少しばかり神経質になっているセヘネを隣で見ていたトファダはルゼルを見る。相変わらず青い瞳は冷め切っていた。
「私あの方と仲良くなりたいのです!ですから、行くのを許してください!」
予想外の言葉に二人はぽかんと口を開けた。
セヘネは顔を染めている。
「あんな素敵な方、初めて見ました!美しくて気品があって、とても優雅なんですもの。

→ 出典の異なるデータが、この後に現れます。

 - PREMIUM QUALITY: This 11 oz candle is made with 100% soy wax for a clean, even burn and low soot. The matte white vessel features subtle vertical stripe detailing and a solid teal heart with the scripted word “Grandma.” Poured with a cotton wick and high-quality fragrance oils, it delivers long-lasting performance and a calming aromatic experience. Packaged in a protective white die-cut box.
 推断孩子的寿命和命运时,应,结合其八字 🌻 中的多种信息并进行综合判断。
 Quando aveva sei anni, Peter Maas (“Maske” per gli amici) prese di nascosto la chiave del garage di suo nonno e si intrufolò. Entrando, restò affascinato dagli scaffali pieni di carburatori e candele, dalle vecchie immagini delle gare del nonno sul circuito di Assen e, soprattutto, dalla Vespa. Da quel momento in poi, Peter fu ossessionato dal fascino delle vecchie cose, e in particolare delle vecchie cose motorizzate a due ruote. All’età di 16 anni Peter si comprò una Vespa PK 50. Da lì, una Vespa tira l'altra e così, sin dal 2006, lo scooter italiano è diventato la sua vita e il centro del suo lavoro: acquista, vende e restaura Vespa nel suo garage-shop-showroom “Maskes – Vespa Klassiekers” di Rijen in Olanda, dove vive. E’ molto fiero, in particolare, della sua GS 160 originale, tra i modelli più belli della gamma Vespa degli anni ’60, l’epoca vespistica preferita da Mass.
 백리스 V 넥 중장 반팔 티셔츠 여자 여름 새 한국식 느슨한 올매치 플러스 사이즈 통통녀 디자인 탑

私、初めて見て尊敬いたしました」
熱のこもった物言いに、二人は脱力してルゼルは椅子に、トファダはソファに座り込んだ。
そういえば彼女は疑うことなど知らない、純粋なまま育てられた娘だった。そんな娘がレリアを見ただけでそんな疑問、思い浮かぶはずがないのだ。

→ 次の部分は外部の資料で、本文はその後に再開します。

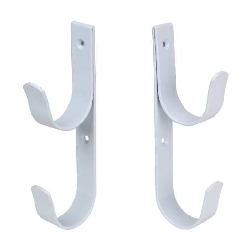 White 2-hook swimming pool accessory. Holds maintenance equipment. Constructed of corrosion-resistant aluminum
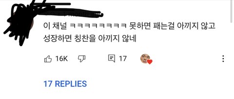 이딴 댓글 있는데 뭐가 좋은 채널이라는 거야. 잘하면 칭찬하고 못하면 까니까 좋은 채널이라고?
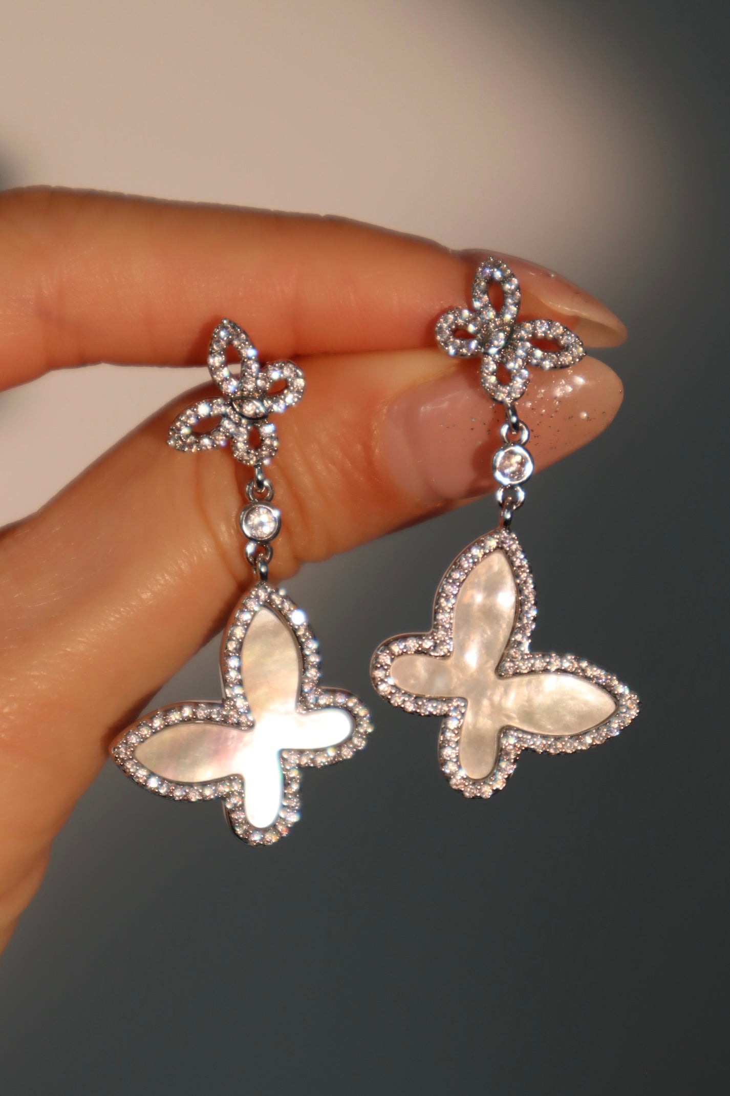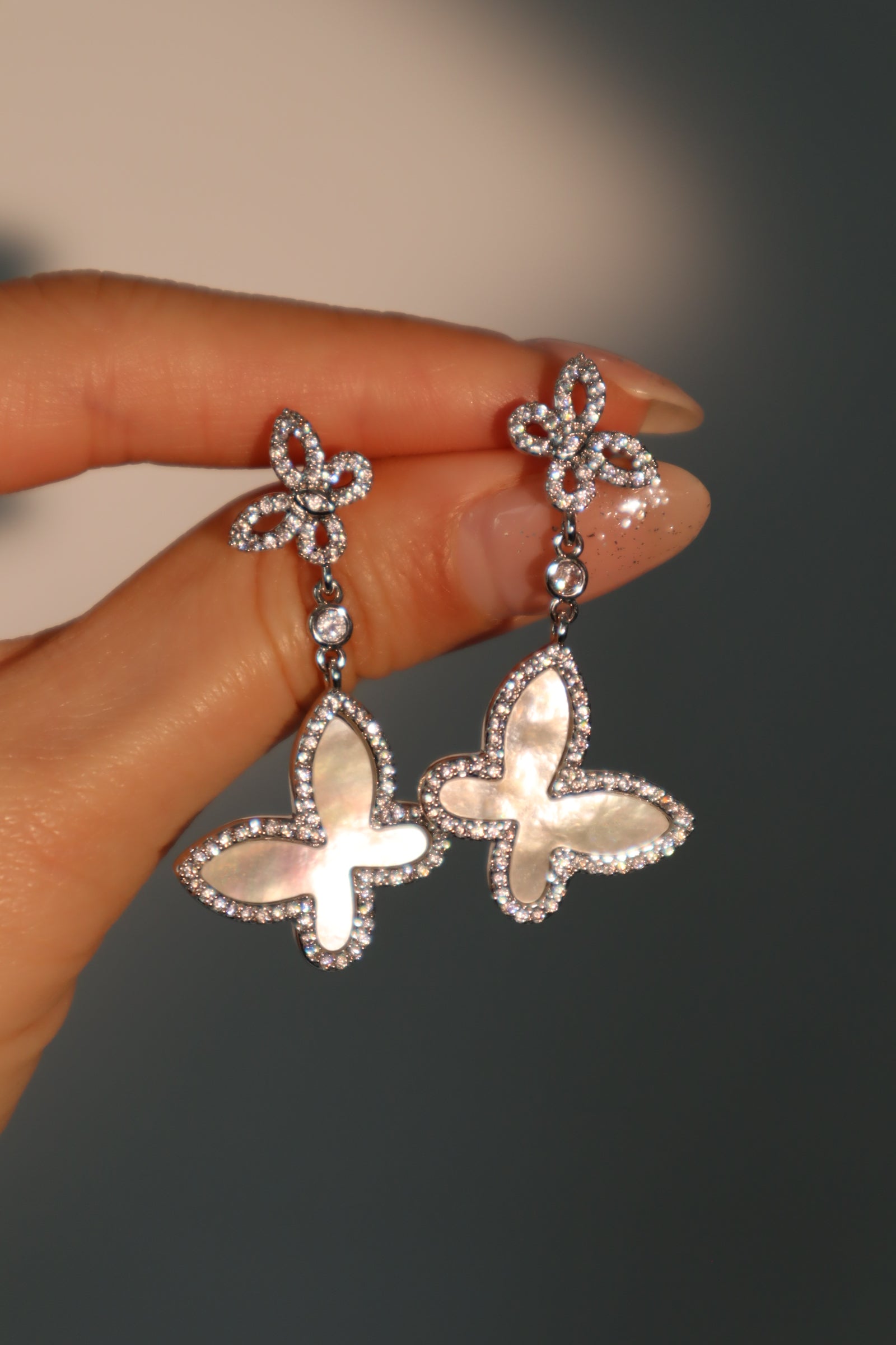 Our Diamond Shell Butterfly Earrings are ethereal. This pair of earrings is adorned with high quality shell pearls that sparkle and shine angelically. When you can’t decide on a look, match these earrings with your outfit to be your saving grace!
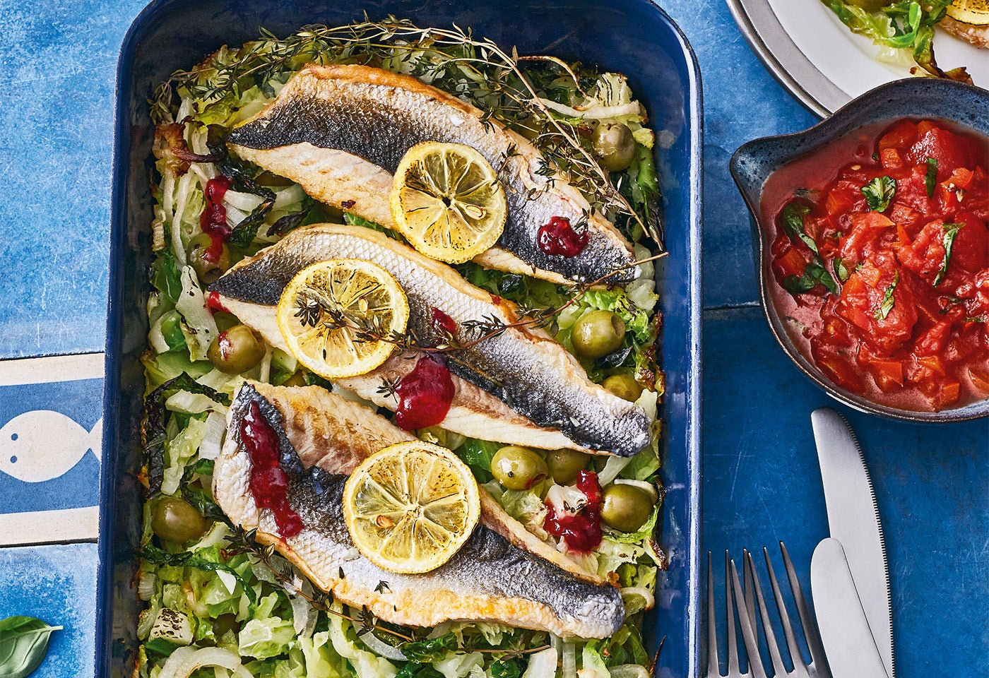 Wolfsbarschfilet aus dem Ofen auf Oliven-Kohlgemüse mit Paprikasalsa
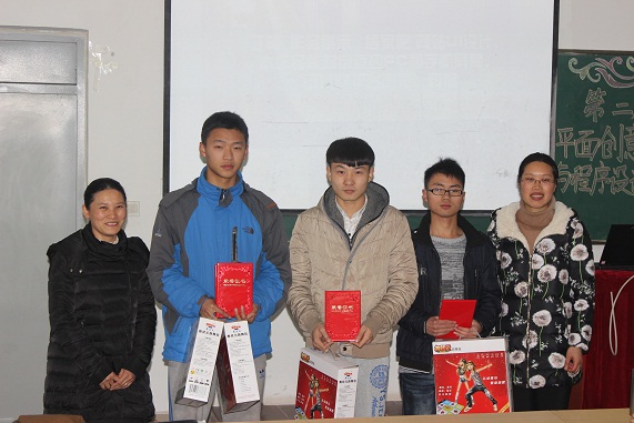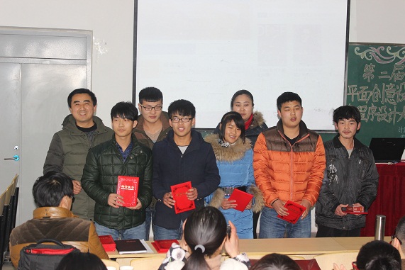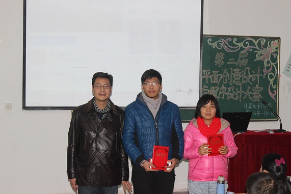 1月6日下午3:30,计算机科学系在二教205隆重举行了“第二届平面创意设计大赛”、“2014程序设计大赛”两项赛事的颁奖典礼。系副主任杜永强、团总支书记朱猛及相关专业教师参加了典礼,颁奖典礼由杜永强主持。此次大赛分设一等奖1名,二等奖2名,三等奖3名,共计12名同学获得奖励。
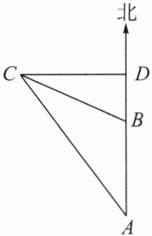 12. 如图,下午 $ 2 $ 时,一艘轮船从 $ A $ 处向正北方向航行,下午 $ 5 $ 时达到 $ B $ 处,继续航行到达 $ D $ 处时发现灯塔 $ C $ 恰好在正西方向,从 $ A $ 处、$ B $ 处望灯塔 $ C $ 的角度分别是 $ \angle A = 30^{\circ} $,$ \angle DBC = 60^{\circ} $。已知轮船的航行速度为 $ 24 \, n mile/h $,求 $ AD $ 的长。

「分かりました、会うことを認めます。しかし彼女は私が連れてきます。おしゃべりはあなたの部屋で良いでしょう」
「本当ですか!?ありがとうございます、王子殿下」
嬉しげな彼女は礼をすると部屋から出て行った。
それを見て、トファダは肩の力を抜く。
「連れてくるなんて、どんな風の吹き回しですか」
「レーアもずっとあそこに閉じ込めてあって退屈だろうからさ。それにお前がいれば心配ない。後で迎えに行けば良いから」
「俺を使わないで下さいよ」
苦笑をするトファダはソファから立ち上がるとルゼルに一枚の紙を渡した。
「なに?」
「陛下からですよ。中身は読んでください」
言われたとおり目を通すと、ルゼルは露骨に嫌そうな顔をした。
「セヘネと晩餐……」
考えただけで憂鬱になる。
「レーアのとこ行けないし」
「少しくらいなら我慢できるでしょう。そんなに我慢出来ないなら他の女を呼びますが?」
「結構!」
バンッ、と紙を机に叩きつけたルゼルは仕事を開始する。
その顔は真剣そのものだ。
(やれやれ……)
この王子では、きっとレリアも大変だろうに。
思って嘆息するトファダだった。